Dataset records ->
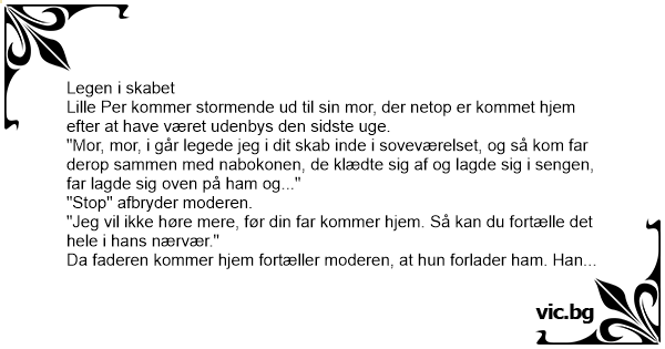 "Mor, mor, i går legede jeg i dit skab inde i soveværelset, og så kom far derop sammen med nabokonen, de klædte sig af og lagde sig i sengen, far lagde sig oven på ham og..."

* * *

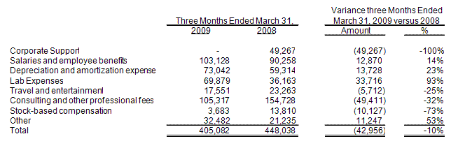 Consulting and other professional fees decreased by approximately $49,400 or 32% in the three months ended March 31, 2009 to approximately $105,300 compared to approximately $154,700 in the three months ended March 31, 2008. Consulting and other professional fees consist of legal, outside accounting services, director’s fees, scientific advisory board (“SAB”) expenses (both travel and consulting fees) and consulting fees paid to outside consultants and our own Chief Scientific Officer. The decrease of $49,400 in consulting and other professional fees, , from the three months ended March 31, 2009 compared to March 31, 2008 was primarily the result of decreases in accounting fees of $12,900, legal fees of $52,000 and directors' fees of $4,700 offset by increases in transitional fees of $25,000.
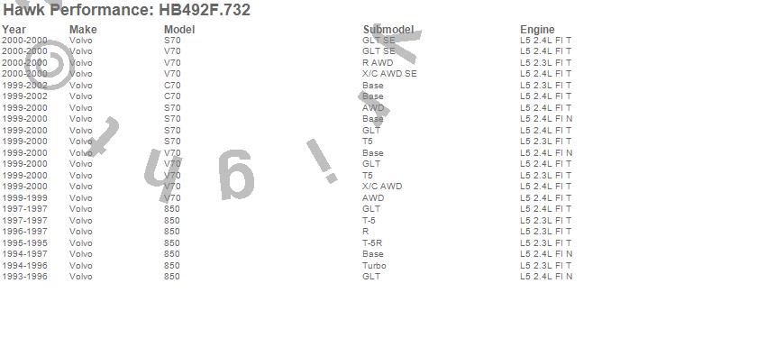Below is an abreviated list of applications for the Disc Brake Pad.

Brief -> For this exercise, reproduce exactly the lines of the records above from the one with "Consulting and other professional fees decreased" up to and including the one with "Below is an", without pictures.

Reply to the exercise ->
 Consulting and other professional fees decreased by approximately $49,400 or 32% in the three months ended March 31, 2009 to approximately $105,300 compared to approximately $154,700 in the three months ended March 31, 2008. Consulting and other professional fees consist of legal, outside accounting services, director’s fees, scientific advisory board (“SAB”) expenses (both travel and consulting fees) and consulting fees paid to outside consultants and our own Chief Scientific Officer. The decrease of $49,400 in consulting and other professional fees, , from the three months ended March 31, 2009 compared to March 31, 2008 was primarily the result of decreases in accounting fees of $12,900, legal fees of $52,000 and directors' fees of $4,700 offset by increases in transitional fees of $25,000.
Below is an abreviated list of applications for the Disc Brake Pad.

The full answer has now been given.